Abstract:
An apparatus for advancing a plurality of components comprising a vibrating feed tray, having a plurality of interchangeable modular troughs, each sized to receive a component of a particular size. The troughs are removably and slidably secured to the tray, and can be used in any combination. One end of each trough is characterized by only one side wall. A second, parallel side wall is provided each trough by means of sharing the side wall of the adjoining trough. In the event that there is no directly adjacent trough, a side stop is positioned adjacent the open side of the trough.

Description:
BACKGROUND OF THE INVENTION 
     The present invention relates generally to the field of vibrating conveyors, and in particular to parts feeders for feeding electronic components to &#34;pick and place&#34; machines which mount such components on, for example, printed circuit boards. 

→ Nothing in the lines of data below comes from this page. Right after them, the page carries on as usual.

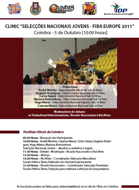 CLINIC SELECÇÕES NACIONAIS JOVENS - FIBA EUROPE 2011, DIA 5 DE OUTUBRO EM COIMBRA
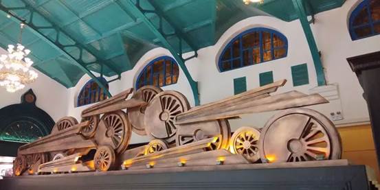 师生党员抵达中东铁路记忆馆。刚进入展馆,同学们就被记忆馆的俄式建筑风格所吸引,蓝色全木屋顶结构,色彩斑斓的玻璃花窗,脚下历经百年沧桑的黑色地砖,还有气势恢宏的车轮与轨道仿铜雕塑建筑,一起再现了中东铁路和绥芬河的百年历史。
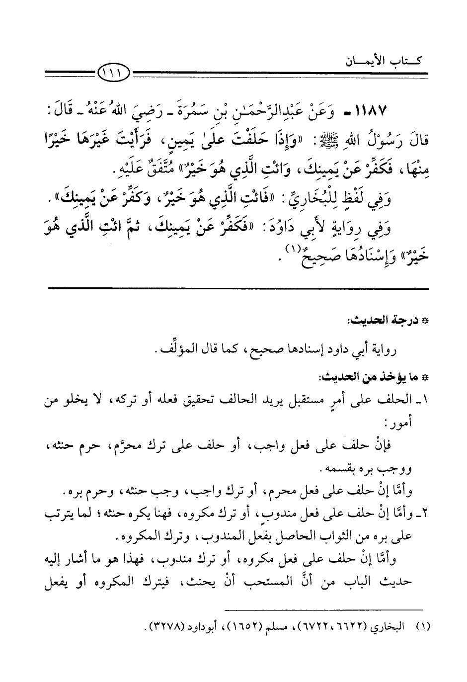 1187 - وَعَنْ عَبْدِ الرَّحْمَنِ بْنِ سَمُرَةَ -رَضِيَ اللهُ عَنْهُ- قَالَ: قالَ رَسُوْلُ اللهِ -صلى الله عليه وسلم-: "وَإِذَا حَلَفْتَ علَى يَمِينٍ، فَرَأَيْتَ غَيْرَهَا خَيْرًا مِنْهَا، فَكَفِّرْ عَنْ يَمِينِكَ، وَائْتِ الَّذِي هُوَ خَيْرٌ" مُتَّفَقٌ عَلَيْهِ.
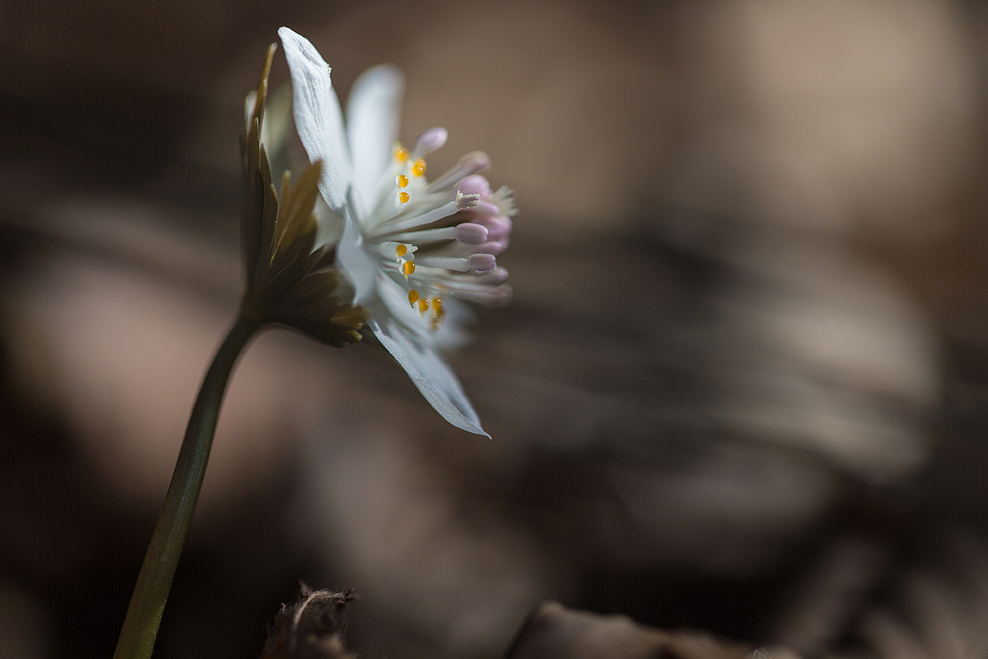 Родом с Дальнего Востока, где его из-за красоты уничтожают. Кустик высотой 20 см с безлистным стеблем и одиночным цветком с крупными белыми лепестками с сизо-фиолетовым налетом внизу. Выдерживает тенистые места, цветение приходится на апрель и длится 10 дней.

     The assembly of surface mounted printed circuit boards required the placement of a wide variety and large number of small electronic components on the surface of the board in precisely located, predetermined positions. The repetitive nature of this task has led to the development of computer controlled, automatic &#34;pick and place&#34; machines which pick up electronic components from a &#34;pick&#34; station, move the component to the printed circuit board, and &#34;place&#34; the component at a precisely defined, predetermined location on the circuit board. To maintain a steady supply of components at the &#34;pick&#34; station, like components are packaged in elongate, open ended tubes. A plurality of tubes, each containing different components, are mounted on a vibrating feed tray such that the components advance out of the tubes. To guide the components to their respective &#34;pick&#34; station, channels or troughs must be provided on the tray. It is critical that each channel be properly dimensioned corresponding to the respective components and tubes so that the component is oriented in a predictable fashion when it arrives at the &#34;pick&#34; station. If not properly oriented, the component may not be able to be lifted from the &#34;pick&#34; station, or if it is lifted, it will not be placed in the proper orientation on the printed circuit board. 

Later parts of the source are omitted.